The plaintiff in error was indicted for fraudulently inducing
interstate carriers to transport coal seemingly intended to be used
to make gas but actually intended to be used to make Portland
Cement in violation of the Commission's order. A demurrer to this
indictment was overruled, and the plaintiff in error pleaded guilty
and
Page 266 U. S. 130
was sentenced to a fine. Subsequently he moved in arrest of
judgment upon the grounds that the order and the statute if it
authorized the order were unconstitutional, as depriving him of due
process of law, and as exercising a power reserved to the states,
and also that the order granted a preference to the ports of one
state over those of another. The motion was overruled and a writ of
error was taken direct to this Court.
The right to come here depends upon the presence of some
substantial constitutional question. But, so far as such questions
are raised, we are of opinion that they are not substantial in view
of previous decisions. We must take it that an emergency
contemplated by the statute existed, as found by the Commission and
alleged in the indictment.
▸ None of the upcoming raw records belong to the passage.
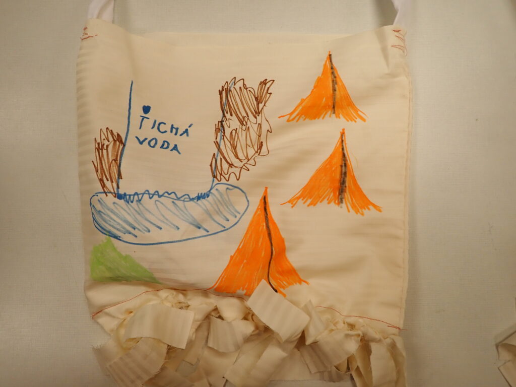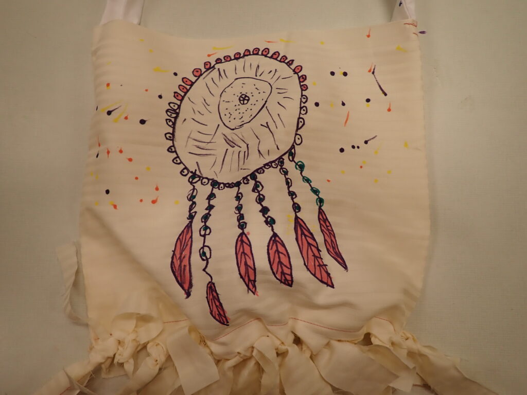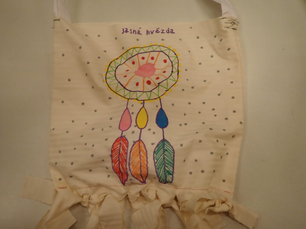 Ze zbytků bavlněného plátna ušijeme jednoduchou tašku s uchem. Indiánskou se stane tak, že dno tašky nesešijeme až na konci obdélníku, ale asi 10cm od okraje. Nastříháním tohoto velkého okraje na proužky vzniknou třásně – zauzlujeme vrchní a spodní třáseň k sobě. Na obrázku je to dobře vidět. Tašku můžeme i nabatikovat známou metodou.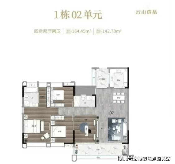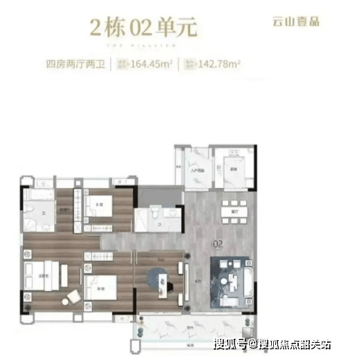 164㎡ 四房二卫户型:此户型更加豪华,不仅空间更为宽敞,而且设计上强调景观利用,让居住者能充分享受到白云山的美景。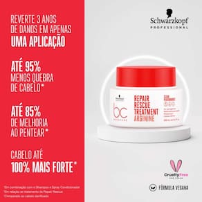 A Máscara Capilar Schwarzkopf Professional BC Bonacure Clean Performance Repair Rescue possui fórmula que traz de volta a força e a elasticidade sem sobrecarregar.

That, in such circumstances, Congress
could require a preference in the order of purposes for which coal
should be carried, consistently with the Fifth Amendment is clear,
and is assumed in
Peoria & Pekin Union Ry. Co. v. United
States, 263 U. S. 528,
263 U. S. 532.
See also Wilson v. New, 243 U. S. 332;
Fort Smith & Western R. Co. v. Mills, 253 U.
S. 206,
253 U. S. 207;
Pennsylvania R. Co. v. Puritan Coal Mining Co.,
237 U. S. 121,
237 U. S. 133.
That it can do so without trenching upon the powers reserved to the
states seems to us not to need argument. That it can give the
powers here given to the Commission, if that question is open here,
no longer admits of dispute.
Interstate Commerce Commission v.
Illinois Central R. Co., 215 U. S. 452;
United States v. Grimaud, 220 U.
S. 506;
Pennsylvania R. Co. v. Puritan Coal Mining
Co., 237 U. S. 121,
237 U. S. 133.
The statute confines the power of the Commission to emergencies and
the requirement that the rules shall be reasonable and in the
interest of the public and of commerce fixes the only standard that
is practicable or needed.
Union Bridge Co. v. United
States, 204 U. S. 364;
Nash v. United States, 229 U. S. 373,
229 U. S.
376-377;
Intermountain
Page 266 U. S. 131
Rate Cases, 234 U. S. 476,
234 U. S. 486;
Mutual Film Co. v. Industrial Commission of Ohio,
236 U. S. 230,
236 U. S. 246.
Congress may make violation of the Commission's rules a crime.
United States v. Grimaud, 220 U.
S. 506. The alleged preference of ports if there is
anything in the objection does not concern the plaintiff in error.
As there is no substance in the grounds for the appeal to this
Court and as other matters are urged the case must be transferred
to the circuit court of appeals.
United Surety Co. v. American
Fruit Product Co., 238 U. S. 140; Act
of September 14, 1922, c. 305; 42 Stat. 837.
Transferred to circuit court of appeals.